The first thing I would say is not to get caught up in all the intricacies and just start. Pick up the phone, the camera, whatever you have in front of you. Get in front of a window, go outside if you need to, and just start and get comfortable. Posting that first video is the first hurdle to get over. If you just start, don't overthink, don't be strategic about it and see where it takes you, you'll figure out your style, your rhythm.
As far as getting brands involved, a lot of people get so caught up in how to get the sponsorships. A lot of these people, it's their full-time jobs, and they want brands to notice them. I spent the first month of doing this YouTube thing reaching out to brands left and right. I was like, "This is my full-time job. I have to be making money off this." But instead of focusing on doing the outreach, I should have focused on the content itself and mentioning the brands that I already used.

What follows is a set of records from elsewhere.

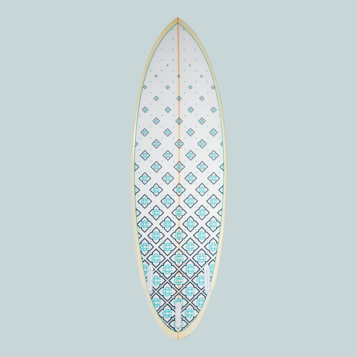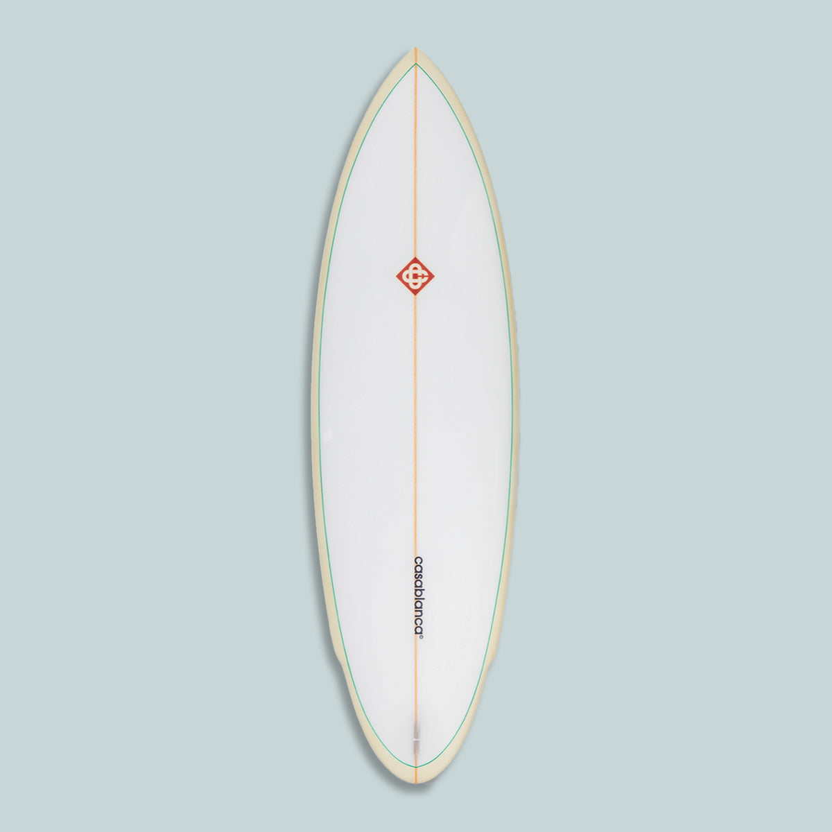 The Casablanca surfboard is crafted from premium fibreglass, polyurethane foam and polyester resin and features the house's Degrade monogram print on the bottom and Casablanca branding with the signature diamond logo on the deck. Completed with a wood stringer, a white deck with a mint green border and light yellow rails. The Casablanca surfboard measures 178.2cm (from nose to tail) x 53cm (from rail to rail at the widest point). This item is not supplied with fins or leash.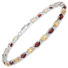 Citrine:Oval/5x3mm 13/2.60 ctw + Garnet:Oval/5x3mm 12/3.36 ctw Specifications: Gem wt. (Carat): 5.96 Gross wt. (gms): 7.34 Height: 0.13 Inches Length: 7.50Inches Metal: .925 Sterling Silver Metal wt. (gms): 6.15 Width: 0.15 Inches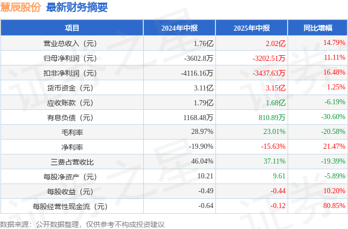据证券之星公开数据整理,近期慧辰股份(688500)发布2025年中报。根据财报显示,慧辰股份营收上升亏损收窄。截至本报告期末,公司营业总收入2.02亿元,同比上升14.79%,归母净利润-3202.51万元,同比上升11.11%。按单季度数据看,第二季度营业总收入1.25亿元,同比上升19.16%,第二季度归母净利润-1436.8万元,同比上升16.34%。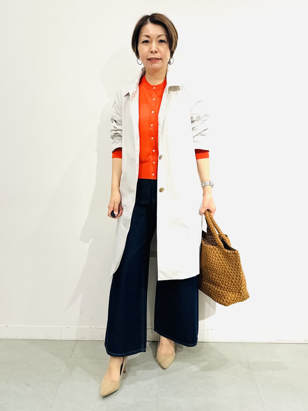 ほんのり透け感があり、春夏羽織れて重宝します。明るめカラーが目を引きます!合わせたのが、カジュアルさとエレガントさを兼ね備えたワイドデニムパンツです。ウエスト周りがスッキリしますので、足長効果◎定番のステンカラーコートを羽織れば今の時期の休日お出かけコーデになりますよ。
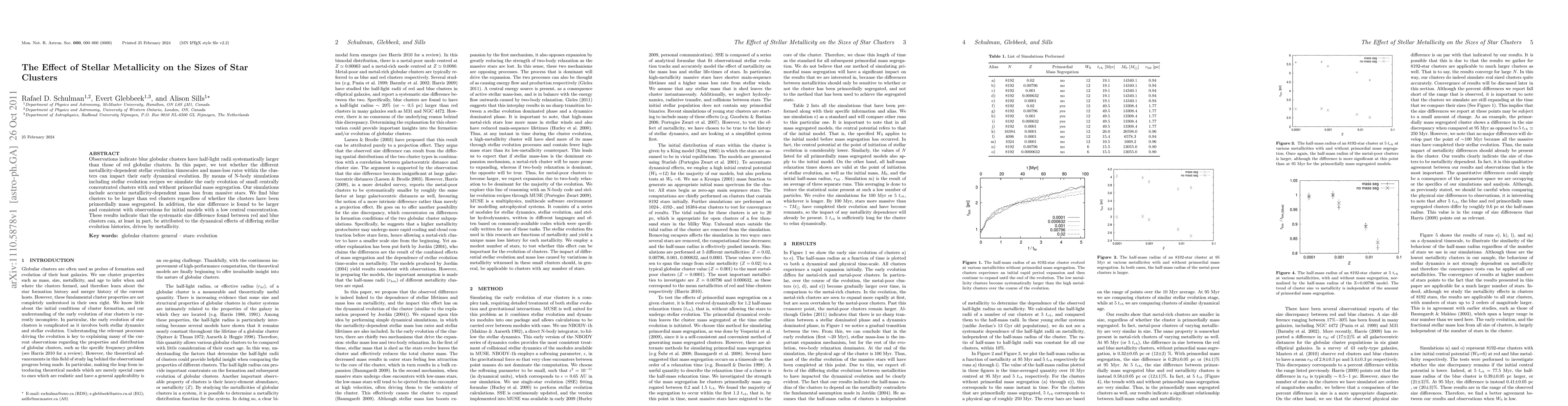 Observations indicate blue globular clusters have half-light radii systematically larger than those of red globular clusters. In this paper, we test whether the different metallicity-dependent stellar evolution timescales and mass-loss rates within the clusters can impact their early dynamical evolution. By means of N-body simulations including stellar evolution recipes we simulate the early evolution of small centrally concentrated clusters with and without primordial mass segregation. Our simulations include accurate metallicity-dependent mass loss from massive stars. We find blue clusters to be larger than red clusters regardless of whether the clusters have been primordially mass segregated. In addition, the size difference is found to be larger and consistent with observations for initial models with a low central concentration. These results indicate that the systematic size difference found between red and blue clusters can, at least in part, be attributed to the dynamical effects of differing stellar evolution histories, driven by metallicity.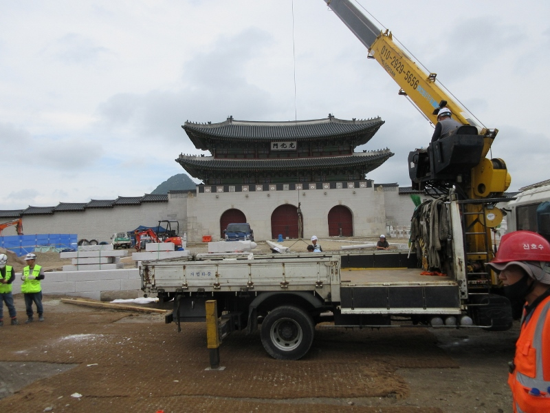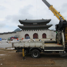 景福宮の正門である光化門ですが、残念ながら工事中でクレーン車が門の前に停まっていて近づくことができませんでした。左側に大回りして横の門から入ることはできます。青瓦台に行きたくて景福宮を突っ切ると近道だったので、大回りをすることになりました。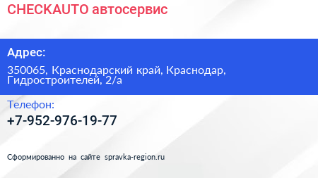 CHECKAUTO, автосервис по адресу 350065, Краснодарский край, Краснодар, Гидростроителей, 2/а в дальнейшем Организация, размещена в следующих категориях: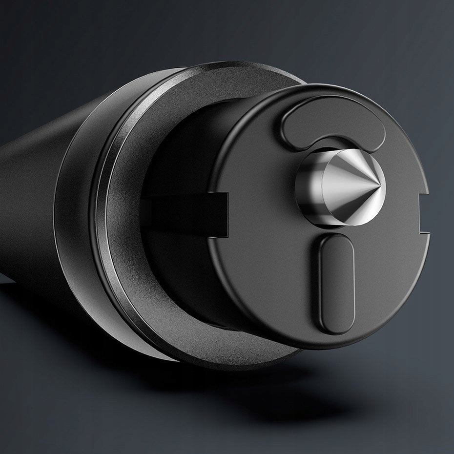 Компактний рятувальний пристрій для розбивання ременів безпеки, який має бути частиною спорядження кожного водія. Пружинний запобіжний молоток Baseus і різак для ременів безпеки полегшить вивільнення з автомобіля в небезпечній для життя ситуації.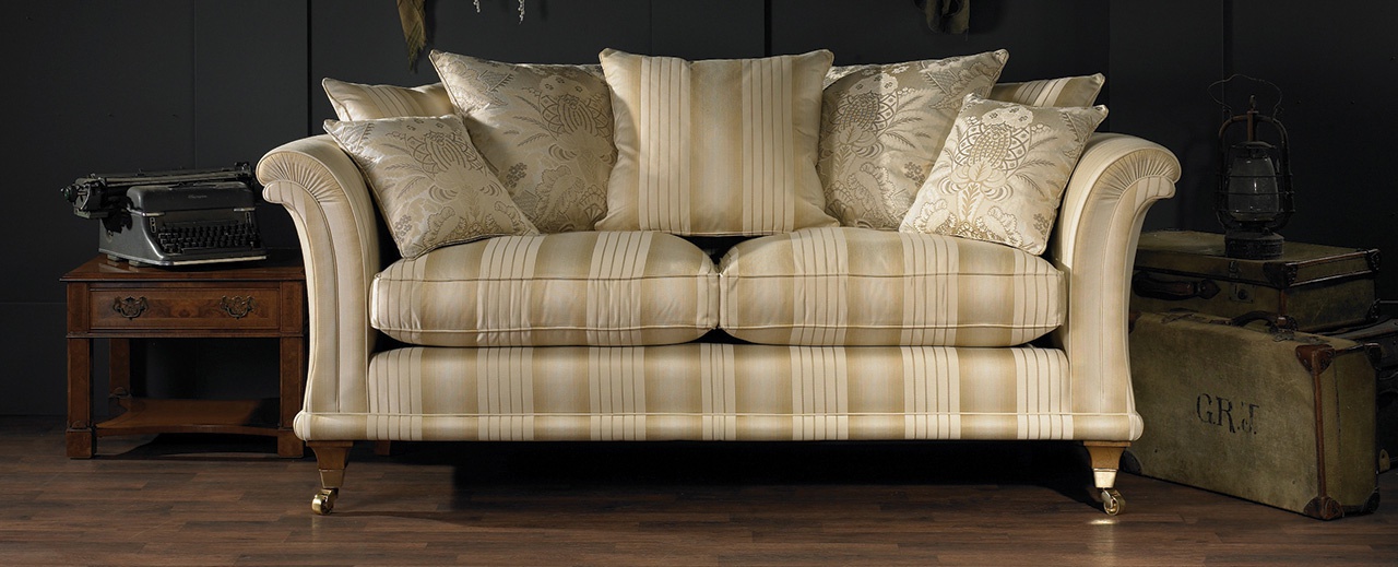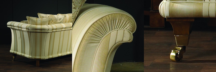 The Amalfi sofa from British producer David Gundry. The frame is made of wood. The filler is produced out of hollofayber and latex. Holofiber is an elastic hypoallergenic material that keeps its shape perfectly and does not leave "holes" after sitting. Upholstery textile fabric according to the manufacturer's catalogue. Available double and triple versions of this model of sofa.
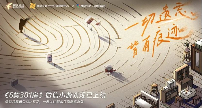 在第30个“世界阿尔茨海默病日”当天, 围绕着“早发现、早干预”这一目标,腾讯SSV银发科技实验室捐赠近500万元,与北京大学第六医院和上海交通大学合作,用游戏和数字化的方式探索,涵盖科普宣教、筛查、确诊和早期干预4个阶段的防治闭环模式。当天,科普宣教小游戏《6栋301房》、筛查小程序《银发脑动力》正式上线。
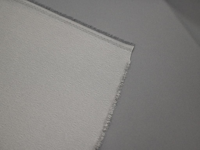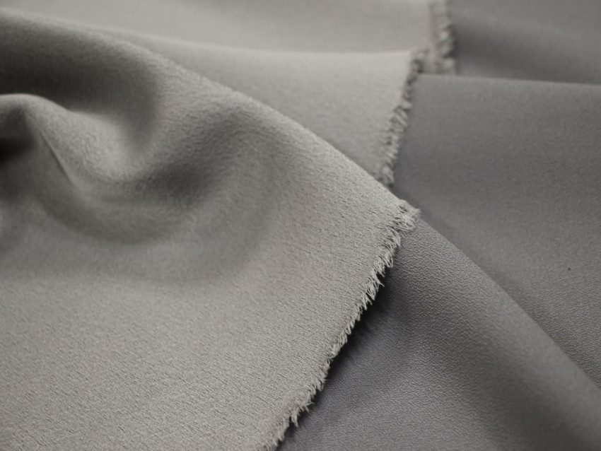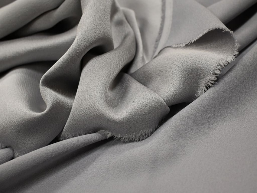 Crepé de raso gris perla con sutil brillo satinado y caída estructurada.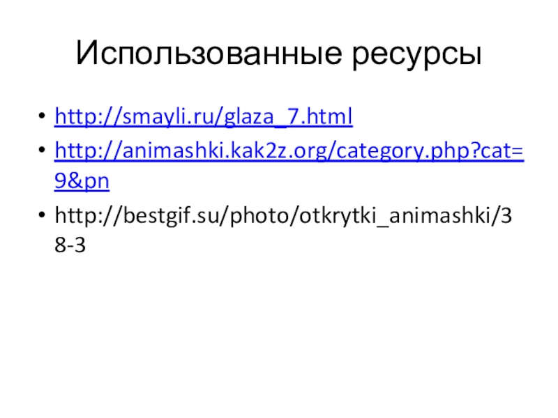 Использованные ресурсыhttp://smayli.ru/glaza_7.htmlhttp://animashki.kak2z.org/category.php?cat=9&pnhttp://bestgif.su/photo/otkrytki_animashki/38-3

Don't think about the strategic side of what brands will want to work with you. Just be so real in your videos that, even if that brand is not mentioned, they might want to work with you because they love your personality. But tag brands -- put them in the description, title or keywords, because that helps with SEO.
6. What's a misconception many people have about YouTube?
I don't think that people really understand the hard work that goes into it. I never get offended or hurt when somebody says, "That makeup tutorial was bad," or "You're ugly," or "You're fat." I have enough confidence in myself. But when people say things about my character, or the comments are like, "You're not working hard enough," or, "Did you just post this video and do it so quickly?" When someone attacks your character or work ethic, that really hurts.
The misconception of YouTube is that it's a fluff career. Nobody gets how much goes into these videos. I was one of those people who had those misconceptions. That's why I didn't want to be known as a YouTuber at first. Now, I'm really proud of it, and I think people should own it, because it's actually the most powerful thing in marketing and media right now.
Click through the slideshow to see five of Mutyala's favorite posts.
‘How to Cover Dark Under-Eye Circles’
"This was my second video on YouTube and the one that went viral -- it really showed me the power of the internet and really catapulted my career in this industry. This video and the opportunities that followed opened a lot of doors for me, and it will always be a special one."
‘#BeYourOwnPrincess’
"I loved that this video showed tutorials to achieve four amazing looks, but also pushed an important message that your skin color or gender shouldn't affect anything/anyone you want to be, costume or otherwise!"
‘South Asian Wonder Woman Transformation -- #BeYourOwnHero’
"This video was so fun and so last-minute to shoot -- but still one of my faves! Wonder Woman was super big this past year, and I wanted to put a cultural take on it and showcase a superhero of South Asian descent. Also, the makeup look itself is gorgeous, so I love that you can watch the full transformation."
‘Vlog: Eat. Pray. Texas -- Family, Mental Health & Big News!!!’
"Anyone who knows me knows that I work nonstop and am all about the hustle -- there really aren't enough hours in the day for me to get everything done. Last year, however, I was really reaching a low point in my life and didn't know where to turn, so I went home for some time to decompress and recenter my mind. This was a really personal and hard time for me, but I'm happy I vlogged it and showed people that everyone experiences these emotions, and they're normal."
‘Best in Beauty: Brown Girl Edition! My Must-Have Products!’
"I always talk about it, but it was really great to see the reaction and excitement of girls in finding a whole set of products that work for them! This video really took a lot of thought from my end and is something I want to start a series out of. It really drove home the fact that there is a real need for more brown-girl friendly products. My audience gets really excited to learn when I've found a few!"